んで、別の観点からの感想。オレ、読み手として読んだかな?書き手として読んだかな?思うに、セルフパブリッシングについて、キチンと説明してくれた本は初めてなんだよね。ネットをちゃんと探せば見つけられた情報なんだろうけど、ね。

以前に音楽の世界を見てて思ったことを思い出したんだよな。それは、才能があれば、創作して発表して支持される、そういう場が生まれているってこと。必ずしもお金という形での報酬とは限らない。世界がフラットになれば、才能があれば、やったもん勝ちなんだよ。プアミルクとか見てるとそう思う。フラットな世界って、そういうことだ。才能があれば、埋もれたままで居ることは難しいのだよね。才能があれば。

好きなことをやる。それを発表する。もしかするとそれは誰かに評価され支持される。VERY GOOD!だね。また、もしかするとそれは誰かに評価されず支持されないかもしれない。OH!MY GOD!でもよ。もともと好きでやってたんだから、それはそれでいいじゃん?音楽という世界で、そういうことが起こっている。

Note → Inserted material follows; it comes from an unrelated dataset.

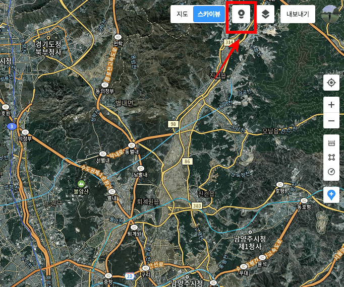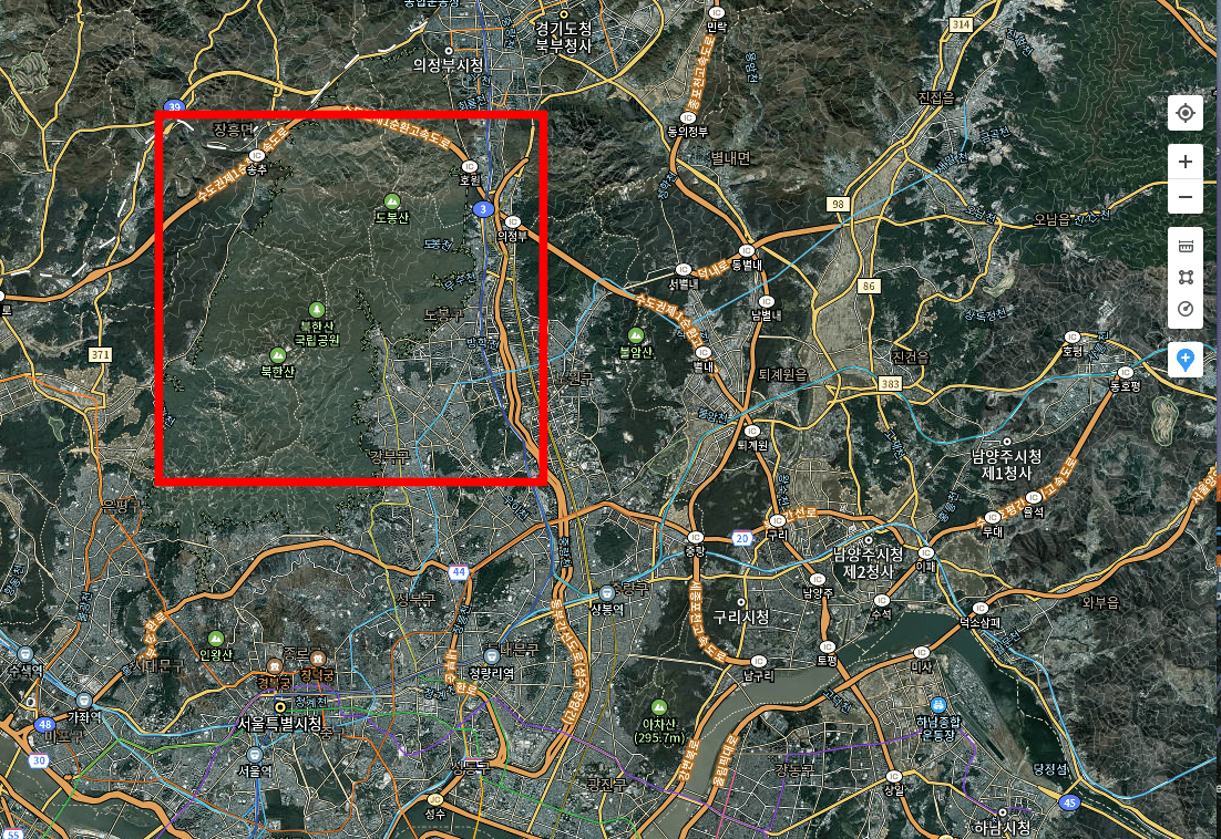 한 번만 확대해도 한반도가 자세히 보이는 것을 확인할 수 있습니다. 두 번 클릭하면 대한민국이 잘 보이게 됩니다. 좀 더 여러 번 확대하면 시나 군까지 자세하게 확인할 수 있습니다. 위성지도를 보다면 북한산 국립공원과 같은 흥미로운 장소가 나타나면 우측 상단에 표시된 아이콘을 드래그하여 북한산 국립공원에 가져다가 놓습니다.

そうなると、才能って何かというと、やらずに居られないことを、やり続けることが出来る、っていうことなんだと思うんですよ。やりたいことをやる、ってことなんだ と思うんですよ。自分がなにをやりたいのか知っていること。自分が何を好きなのかを知っていること。これは音楽だけの話じゃなく。ネットで流せるものなら何でも、そうなりうるのだと。

自分が好きなことを知っていて、それをやり続けることの出来る人、そういう人が、これから先、勝つんだ、って話。人生終わるときに、ああ、好きなことやった人生だった、って言って死ねるんだから。そう思ったときに、フラットで自由競争な世界ってええなあ、って思ったんだよね。

ってわけで、さてワタシは今日も本を読み、ブログを書く。ではまた明日ね。